Although it is in the official repository, it is a custom connector, so you need to build it yourself. Basically, you can do it according to README, but it fails to build in jdk16, so install jdk8.

$ brew tap homebrew/cask-versions
$ brew install --cask corretto8
export JAVA_HOME=`/usr/libexec/java_home -v 1.8`
export PATH=${JAVA_HOME}/bin:${PATH}
$ java -version
openjdk version "1.8.0_312"
OpenJDK Runtime Environment Corretto-8.312.07.1 (build 1.8.0_312-b07)
OpenJDK 64-Bit Server VM Corretto-8.312.07.1 (build 25.312-b07, mixed mode)

publish.sh take a region as a parameter but if it is not set in .aws/config etc, AWS SDK cannot read it so it fails.

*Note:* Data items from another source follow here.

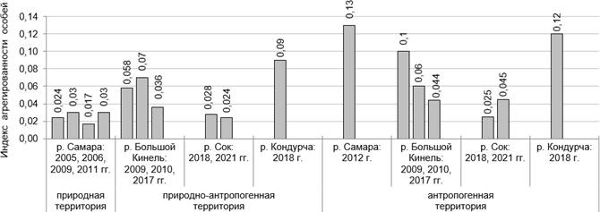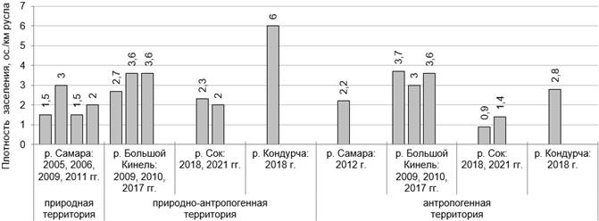 Показатель частного обилия бобров на участках русла рек, без учета значительных буферных зон, на природной территории составляет 1,65–2,4 особей/км, а на природно-антропогенных и антропогенных территориях – 1,5–7,5 особей/км (рис. 2). Малый показатель частного обилия на реке Сок (1,5–2,5 особей/км) объясняется низкой плотностью заселения русла в целом (0,9–1,4 особей/км).
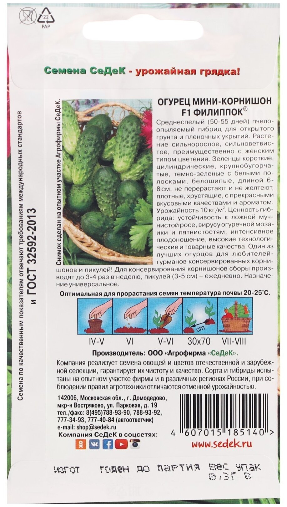 - Огурец мини-корнишон Филиппок F1. СеДеК
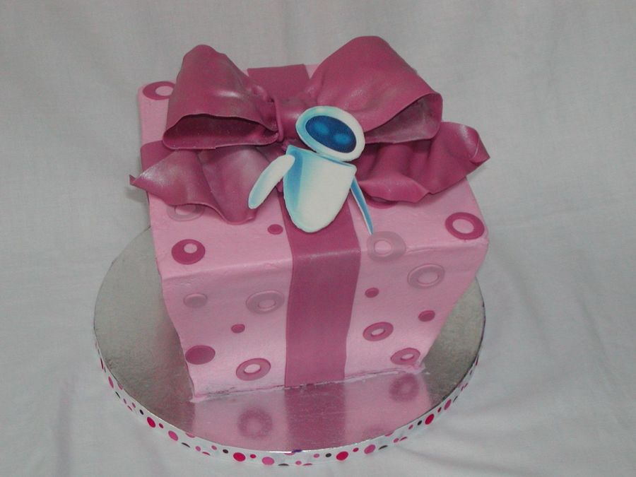 I made this for my dd's 5th birthday. She wanted a Wall-e birthday. I came up with this to make it a little more girlie. Stacked 10",9" and 8" square carved to even out and iced in buttercream, fondant accents and bow . Eva is an edible image cut out on gumpaste.
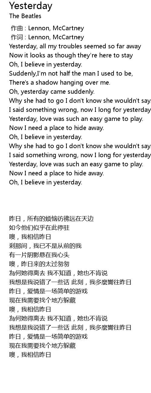 | [00:01.00] | zuo ci : Lennon, McCartney |
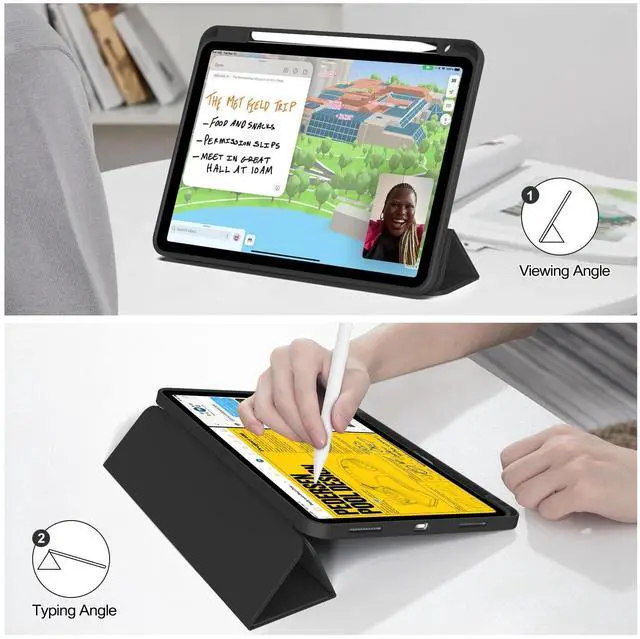Two Viewing Angles: The shell design of the tri-fold stand can easily change the angle to meet your viewing and typing needs, you can have an excellent experience when you are relaxing or working.

$ git clone https://github.com/awslabs/aws-athena-query-federation.git -b v2021.51.1 --depth 1 
$ cd aws-athena-query-federation/
$ mvn clean install -DskipTests=true
$ cd athena-tpcds/
$ mvn clean install -DskipTests=true

# export AWS_REGION=us-west-2
$ ../tools/publish.sh <BUCKET_NAME> athena-tpcds us-west-2
# Run this script from the directory of the module (e.g. athena-example) that you wish to publish.
# This script performs the following actions:
# 1. Builds the maven project
# 2. Creates a Serverless Application Package using the athena-example.yaml
# 3. Produces a final packaged.yaml which can be used to publish the application to your
#     private Serverless Application Repository or deployed via Cloudformation.
# 4. Uploads the packaged connector code to the S3 bucket you specified.
# 5. Uses sar_bucket_policy.json to grant Serverless Application Repository access to our connector code in s3.
# 6. Published the connector to you private Serverless Application Repository where you can 1-click deploy it.
Do you wish to proceed? (yes or no) yes

When completed, the private application is registered in the Serverless Application Repository, so create the lambda function.

AWS SAMでLambdaの関数をデプロイしServerless Application Repositoryに公開する - sambaiz-net

If you execute a query like select * from “lambda:tpcds_catalog”.tpcds1.customer limit 100, the lambda function runs in the backend and returns the generated data. The number of tpcds1 is a scale factor and it contains 1GB data in total.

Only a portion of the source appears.